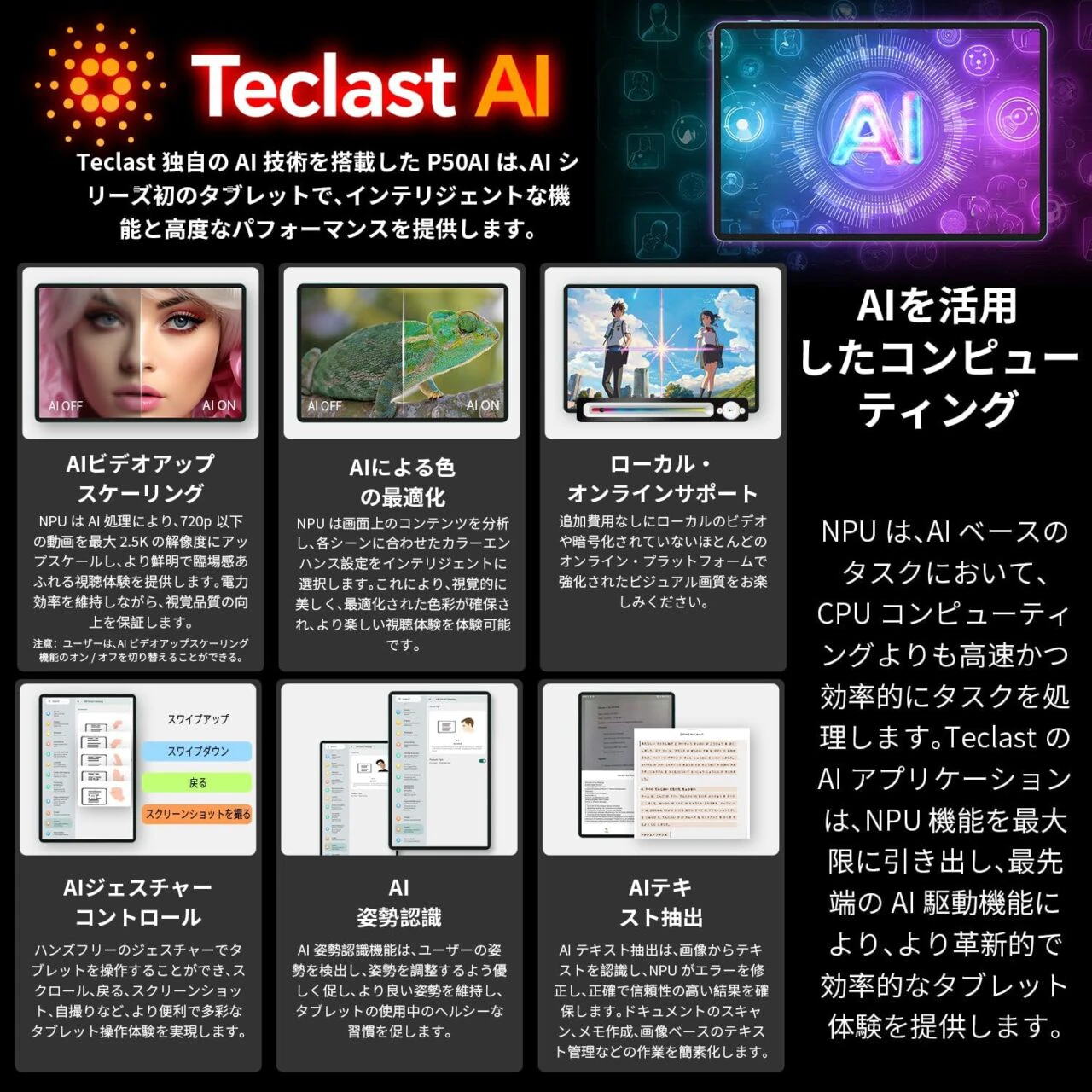 今回紹介した『TECLAST P50Ai』について、特徴をまとめると以下の通りだ。
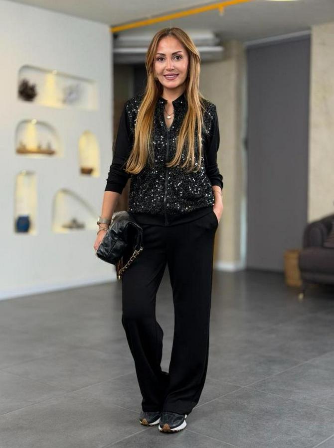Kadın Uzun Kollu Pul Payet Ve Fermuar Detay Ikili Takım
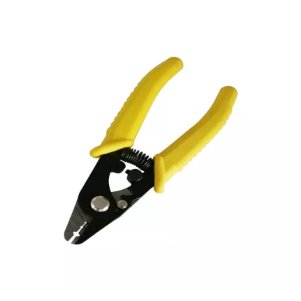 Three-hole fibre optic stripper model performs all common fibre stripping functions, this fibre optic stripper strips the 1.6-3 mm fibre jacket down to the 600-900 micron buffer coating, the second hole strips the 600-900 micron buffer coating down to the 250-micron coating and the third hole is used to strip the 250 micron cables down to the glass fibre without nicks or scratches.
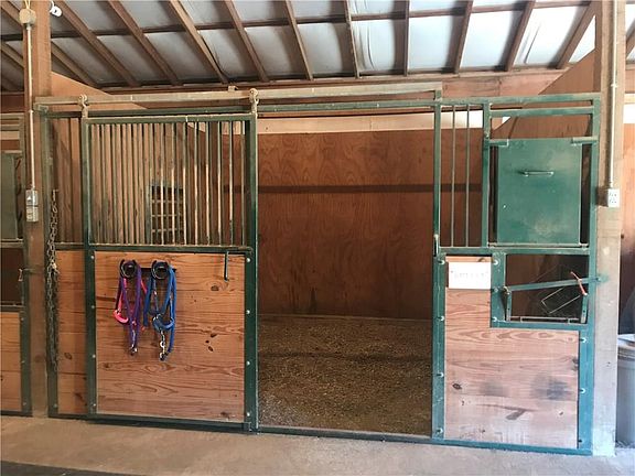 Every horse lovers dream, 29 plus acres ,perfect setting for a hobby farm, Fenced acreage and cross fencing, gates, automatic heated water and two ponds, 120ft arena, with lights, City water to house and barn,separate septic also well , Automatic fly sprayer in barn , 3 stalls with auto water,space for 5 horses, tack room, feed storage, half bath, 6 rubber mats, large on demand hot water tank, large wash area. Each end has Large roll up doors, Large culvert and railroad ties to direct water .
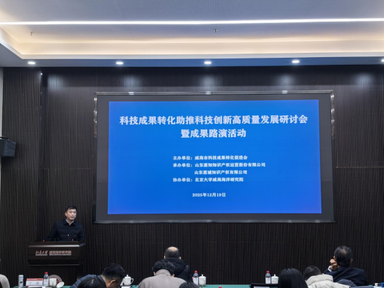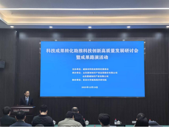 12月19日,由威海市科技成果轉化促進會主辦、山東惠知知識產權運營股份有限公司和山東惠誠知識產權有限公司聯(lián)合承辦的“科技成果轉化助推科技創(chuàng)新高質量發(fā)展研討會”在北京大學威海海洋研究院成功舉辦。
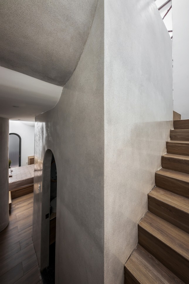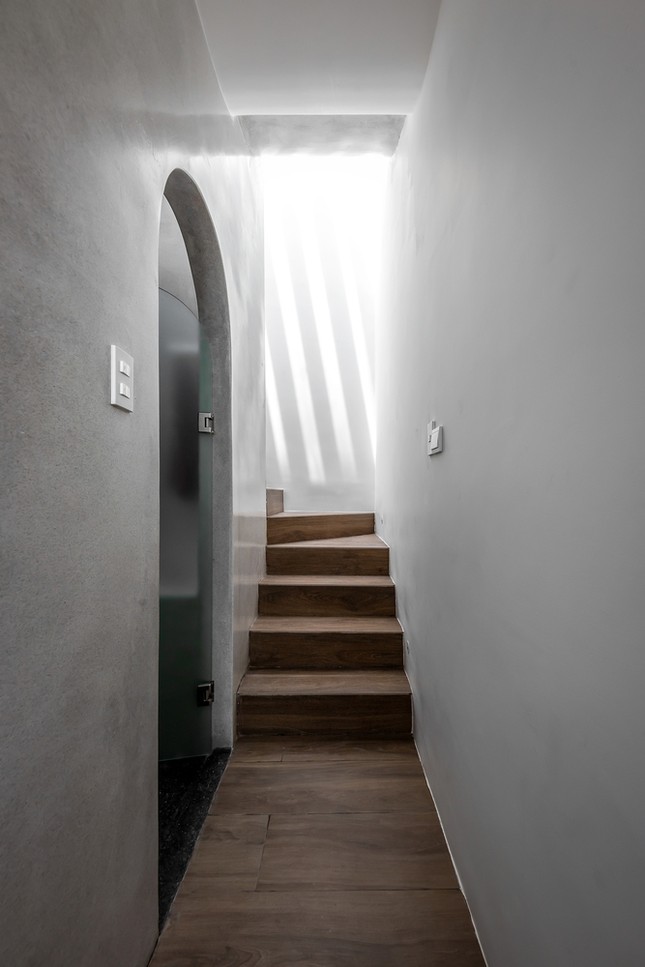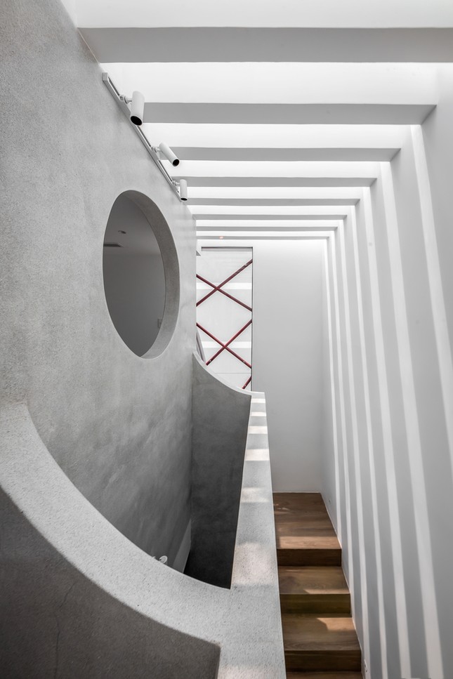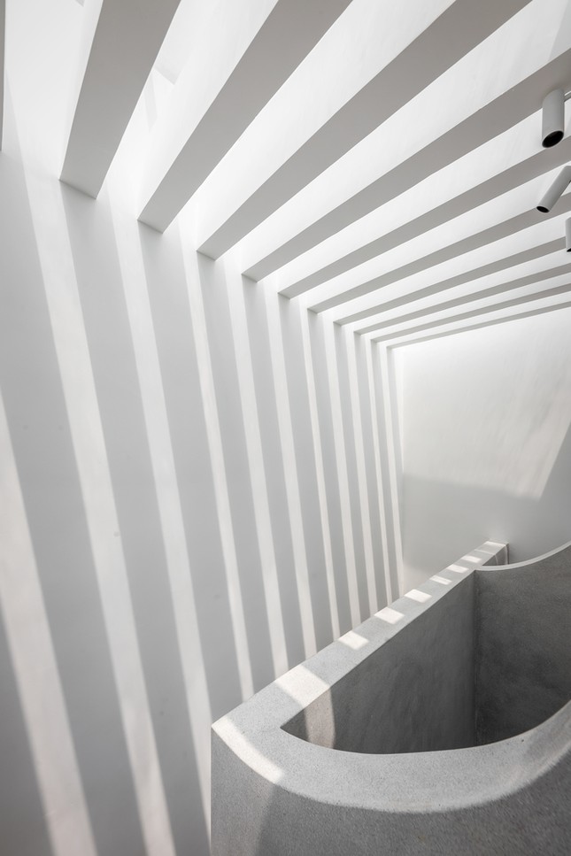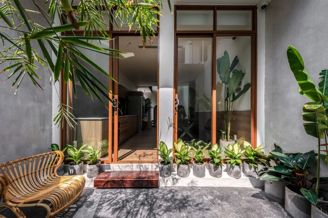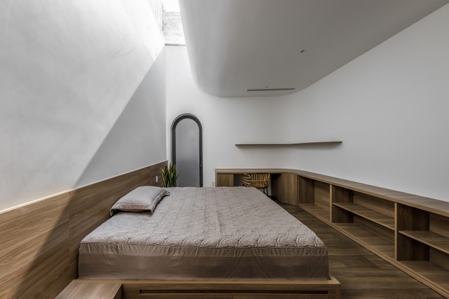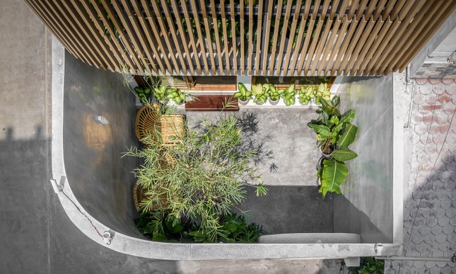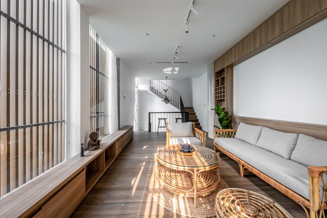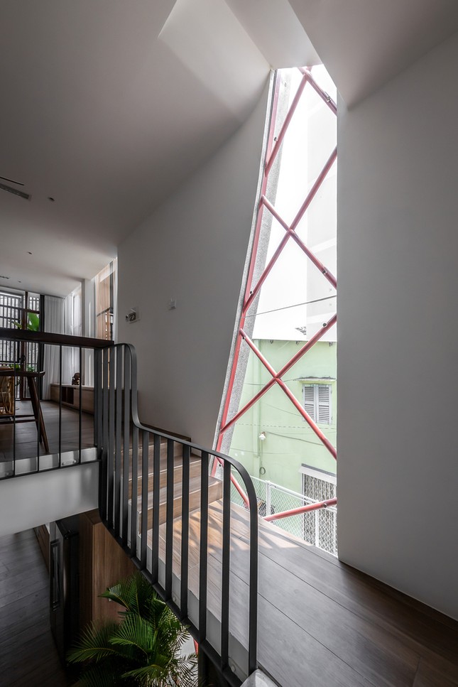 Nhờ các giếng trời và khe sáng bên trong nhà ống tràn ngập ánh sáng tự nhiên, tạo không gian sống thoải mái dù phía bên ngoài kín cổng cao tường.
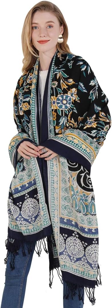 - VERSATILE BREATHABLE WOMAN WRAPS AND SHAWLS: As its oversized, the pashmina is more than one shawl, it can be flexibly used as cape, poncho, dupatta, blanket, wraps, bathrobe, neckwear, cardigan. With the exotic and delicate designs, a perfect pashmina wrap for every women.
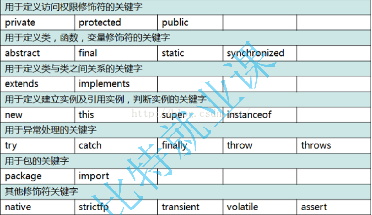 关键字是由Java语言提前定义好的,有特殊含义的标识符,或者保留字
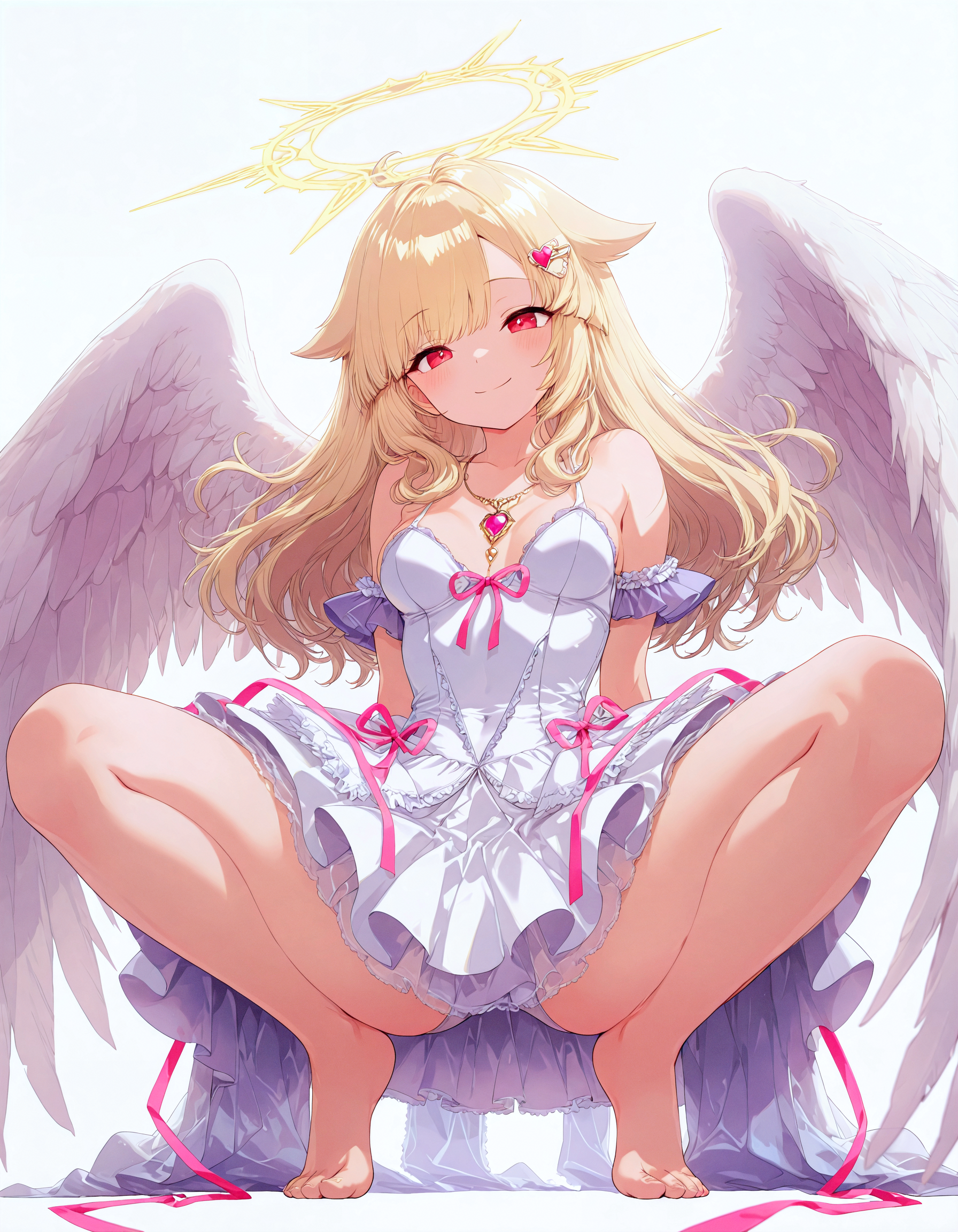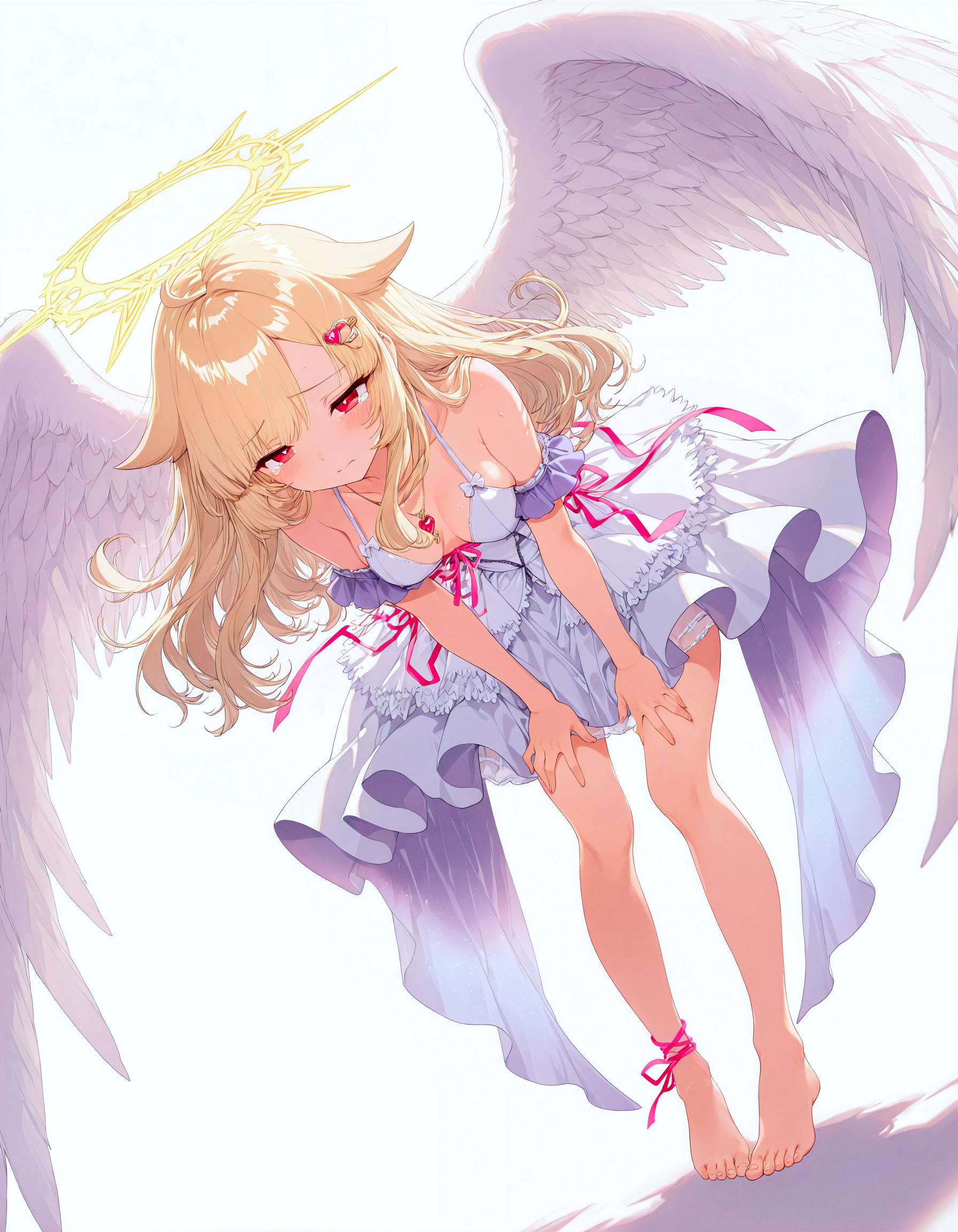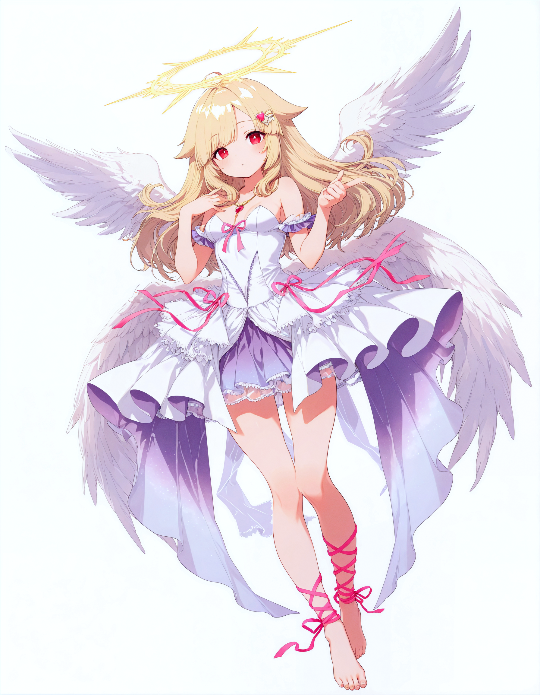 Keiten no Aloe, 특별한 의상, 1girl, 솔로, 날개, 드레스, 고급 환상, 붉은 눈, 긴 머리, 금발 머리, 천사, 천사 날개, 깃털 날개, 리본 드레스, 하트 머리 장식, 머리핀(흰 리본, 보석), 목걸이(리본, 보석, 보석), 발가락, 어깨 노출, 흰색 날개, 리본, 풀바디, 보석, 분홍 리본, 네 개의 날개,

→ Assignment: Every line in the data above needs to be given again exactly, pictures aside.

→ Completed exercise:
 今回紹介した『TECLAST P50Ai』について、特徴をまとめると以下の通りだ。
Kadın Uzun Kollu Pul Payet Ve Fermuar Detay Ikili Takım
 Three-hole fibre optic stripper model performs all common fibre stripping functions, this fibre optic stripper strips the 1.6-3 mm fibre jacket down to the 600-900 micron buffer coating, the second hole strips the 600-900 micron buffer coating down to the 250-micron coating and the third hole is used to strip the 250 micron cables down to the glass fibre without nicks or scratches.
 Every horse lovers dream, 29 plus acres ,perfect setting for a hobby farm, Fenced acreage and cross fencing, gates, automatic heated water and two ponds, 120ft arena, with lights, City water to house and barn,separate septic also well , Automatic fly sprayer in barn , 3 stalls with auto water,space for 5 horses, tack room, feed storage, half bath, 6 rubber mats, large on demand hot water tank, large wash area. Each end has Large roll up doors, Large culvert and railroad ties to direct water .
 12月19日,由威海市科技成果轉化促進會主辦、山東惠知知識產權運營股份有限公司和山東惠誠知識產權有限公司聯(lián)合承辦的“科技成果轉化助推科技創(chuàng)新高質量發(fā)展研討會”在北京大學威海海洋研究院成功舉辦。
 Nhờ các giếng trời và khe sáng bên trong nhà ống tràn ngập ánh sáng tự nhiên, tạo không gian sống thoải mái dù phía bên ngoài kín cổng cao tường.
 - VERSATILE BREATHABLE WOMAN WRAPS AND SHAWLS: As its oversized, the pashmina is more than one shawl, it can be flexibly used as cape, poncho, dupatta, blanket, wraps, bathrobe, neckwear, cardigan. With the exotic and delicate designs, a perfect pashmina wrap for every women.
 关键字是由Java语言提前定义好的,有特殊含义的标识符,或者保留字
 Keiten no Aloe, 특별한 의상, 1girl, 솔로, 날개, 드레스, 고급 환상, 붉은 눈, 긴 머리, 금발 머리, 천사, 천사 날개, 깃털 날개, 리본 드레스, 하트 머리 장식, 머리핀(흰 리본, 보석), 목걸이(리본, 보석, 보석), 발가락, 어깨 노출, 흰색 날개, 리본, 풀바디, 보석, 분홍 리본, 네 개의 날개,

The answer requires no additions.